Wei Ziqiang, Wang Xiao-Jing
Janelia Research Campus, Howard Hughes Medical Institute, Ashburn, Virginia; The Solomon H. Snyder Department of Neuroscience, The Johns Hopkins University, Baltimore, Maryland;
Center for Neural Science, New York University (NYU), New York, New York; and NYU-ECNU Institute of Brain and Cognitive Science, NYU Shanghai, Shanghai, China
J Neurophysiol. 2015 Jul;114(1):99-113. doi: 10.1152/jn.00793.2014. Epub 2015 May 6.
Evaluation of confidence about one's knowledge is key to the brain's ability to monitor cognition. To investigate the neural mechanism of confidence assessment, we examined a biologically realistic spiking network model and found that it reproduced salient behavioral observations and single-neuron activity data from a monkey experiment designed to study confidence about a decision under uncertainty. Interestingly, the model predicts that changes of mind can occur in a mnemonic delay when confidence is low; the probability of changes of mind increases (decreases) with task difficulty in correct (error) trials. Furthermore, a so-called "hard-easy effect" observed in humans naturally emerges, i.e., behavior shows underconfidence (underestimation of correct rate) for easy or moderately difficult tasks and overconfidence (overestimation of correct rate) for very difficult tasks. Importantly, in the model, confidence is computed using a simple neural signal in individual trials, without explicit representation of probability functions. Therefore, even a concept of metacognition can be explained by sampling a stochastic neural activity pattern.

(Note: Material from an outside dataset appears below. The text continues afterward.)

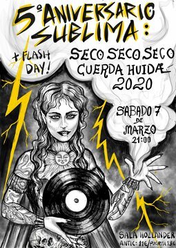 CONCIERTO ANIVERSARIO SUBLIMA Evento concluido Sab 7 Mar 21:30h Sala Hollander Sevilla Ver mapa de localización del lugar CONCIERTO ANIVERSARIO SUBLIMA: SECO SECO SECO CUERDA HUIDA 2020

对自身知识的信心评估是大脑监测认知能力的关键。为了研究信心评估的神经机制,我们考察了一个具有生物真实性的脉冲神经网络模型,发现它再现了来自一项猴子实验的显著行为观察结果和单神经元活动数据,该实验旨在研究在不确定性下对决策的信心。有趣的是,该模型预测,当信心较低时,在记忆延迟期间可能会出现想法改变;在正确(错误)试验中,想法改变的概率随任务难度增加(降低)。此外,在人类中观察到的所谓“难易效应”自然出现,即对于简单或中等难度的任务,行为表现为信心不足(低估正确率),而对于非常困难的任务,行为表现为过度自信(高估正确率)。重要的是,在该模型中,信心是在单个试验中使用简单的神经信号计算得出的,没有明确表示概率函数。因此,即使是元认知的概念也可以通过对随机神经活动模式进行采样来解释。